6. Damodaran, V.B.; Bhatnagar, H.; Rubin, D.; Reynolds, M.M. Chapter 6 - nitric oxide donors in nerve regeneration, in: A.B. Seabra (Ed.), Nitric Oxide Donors, Academic Press, 2017, 141–168.
7. Shi, H.P.; Wang, S.M.; Zhang, G.X.; Zhang, Y.J.; Barbul, A. Supplemental L-arginine enhances wound healing following trauma/hemorrhagic shock, Wound Repair Regen. 2007, 15 (1), 66–70.

According to the Reviewer suggestion we added the above reported considerations and comments in the Introduction part of the revised manuscript (text in red). The references in the manuscript have also been update accordingly.

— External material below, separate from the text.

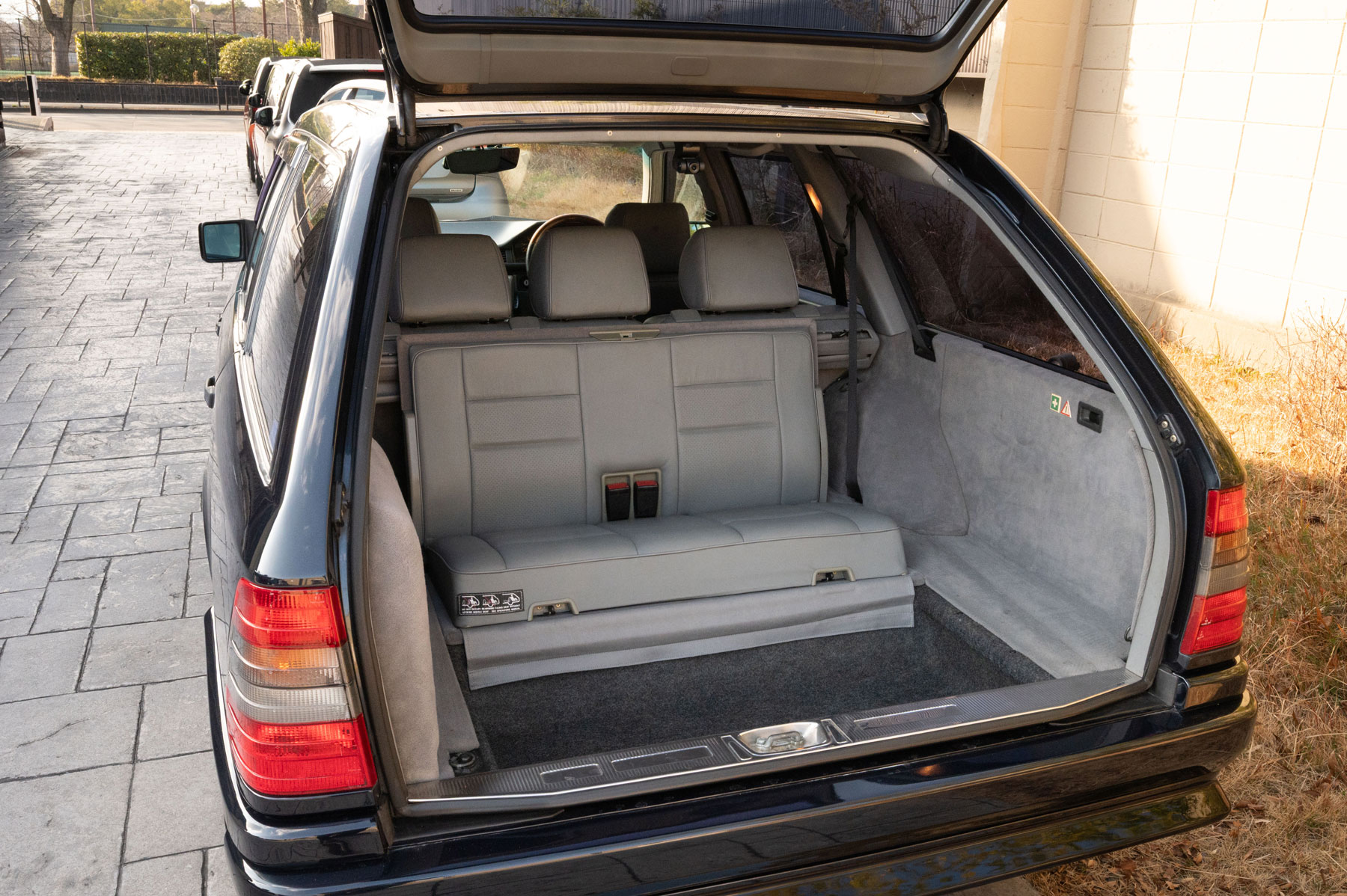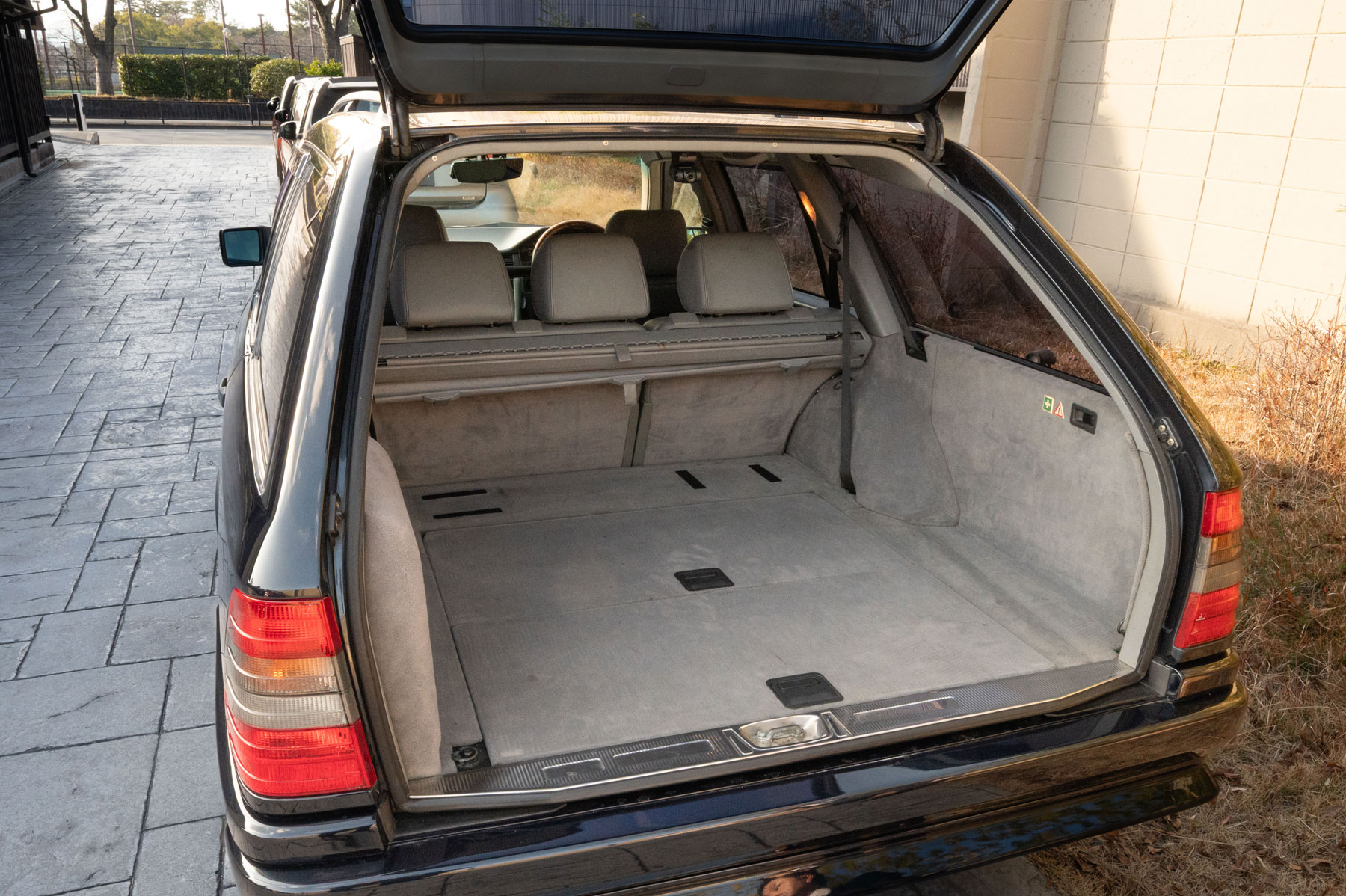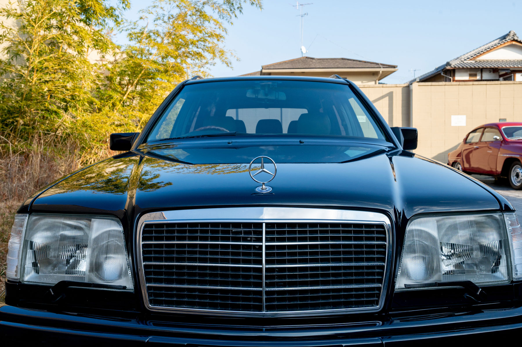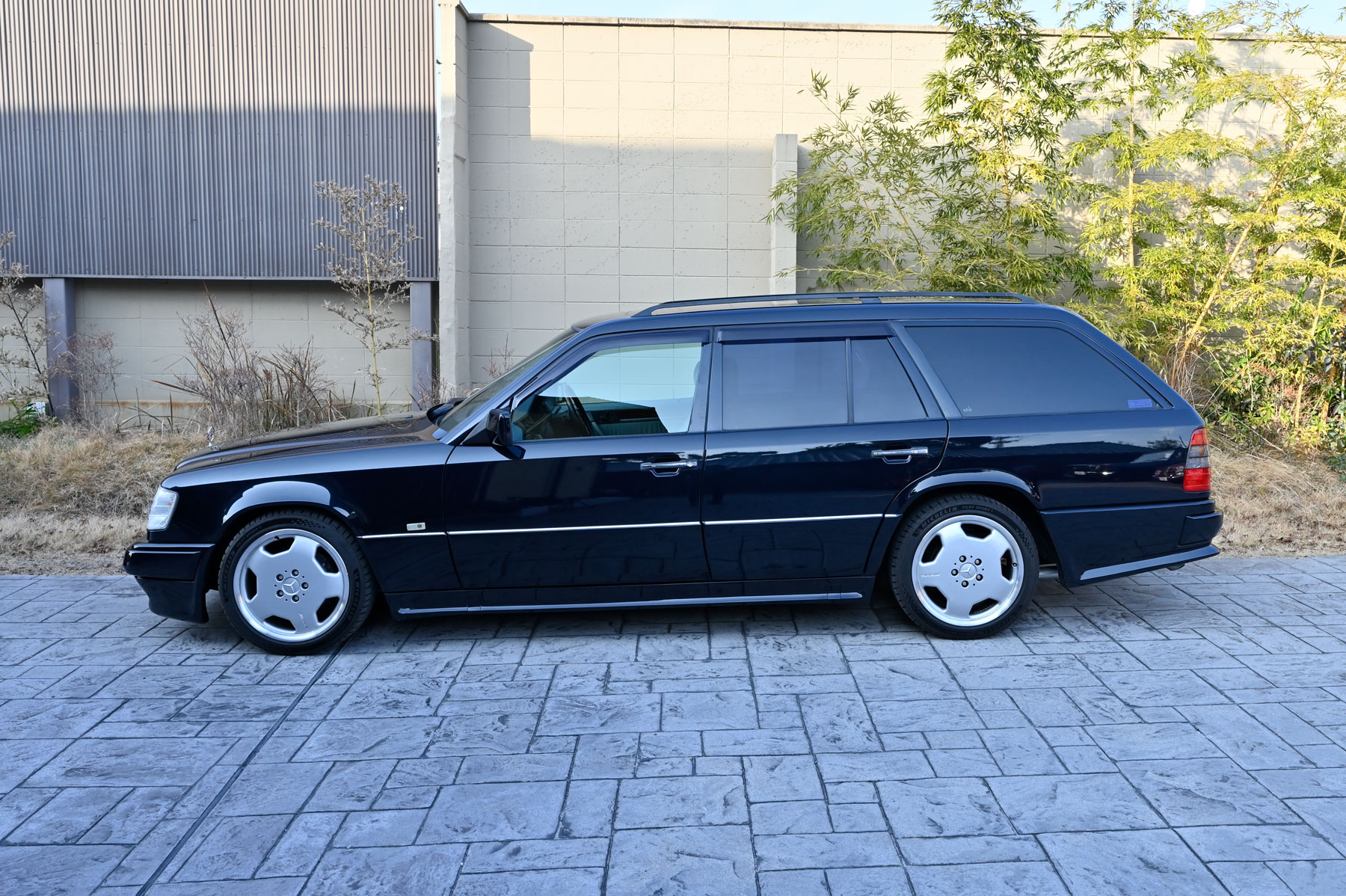 車体番号から1995年モデルを確認しております。これはW124、S124シリーズのラストイヤー、また最終リリースされた「リミテッド」グレード、リミテッド専用色サファイヤブラックです。一見濃紺にも見えますね。専用のインテリア、ウッドハンドル仕様も維持。目を引く低い外観は、AMGモデルで当時少数輸入されたE36のパーツでカスタムされています。E36用ラバー製オーバーフェンダーは装着されていないものの、非常に上質なカスタム、実は超空力デザインの124の特徴を引き立てる良い雰囲気です。アイバッハ製スプリングで少しローダウンされています。強固なシャシーとの相性も悪くない印象。

Point 2: Rheological analysis should be performed to indicate the accurate gelation time under 37℃ and the mechanical properties (storage modulus and loss modulus) after gelation.

Answer 2: We thank you the Reviewer for the valuable suggestion. We agree with the reviewer that rheological properties are important for hydrogel systems, therefore we performed different rheological tests both at 21°C (room temperature) and 37°C (body temperature) in order to evaluate the storage modulus G' and the loss modulus G'' at the two relevant temperatures. The rheological test conditions and results have been added in the SI and mentioned in the manuscript (see text in red). Briefly, G' is higher than G'' for all hydrogel formulations at both 21 and 37°C, indicating that the elastic contribution is prevalent on the viscous one (material already at the gel state and not sol anymore); however, both G' and G'' are significantly higher when measured at 37°C confirming the thermoresponsive behaviour observed in the inversion tube test.

Point 3: Live/dead staining on the cells encapsulated in the hydrogels should be conducted to directly indicate the cellular toxicity. Additionally, a conducive cellular environment always can support cell growth, so cellular proliferation tests on these hydrogels are also necessary to prove these hydrogels are applicable for cellular encapsulation.

Answer 3: We thank the Reviewer for her/his useful comments. Following the suggestions, live/dead staining was performed on cell-laden hydrogels. Accordingly, new section have been added in the Materials and methods (2.8) and the Results (3.7), respectively. We strongly agree that a proliferation test would also provide useful indications on the developed hydrogels. Considering that in this manuscript we focused on the development of the hydrogel systems and their preliminary biological assessment, further tests will be performed on a selected hydrogel formulation.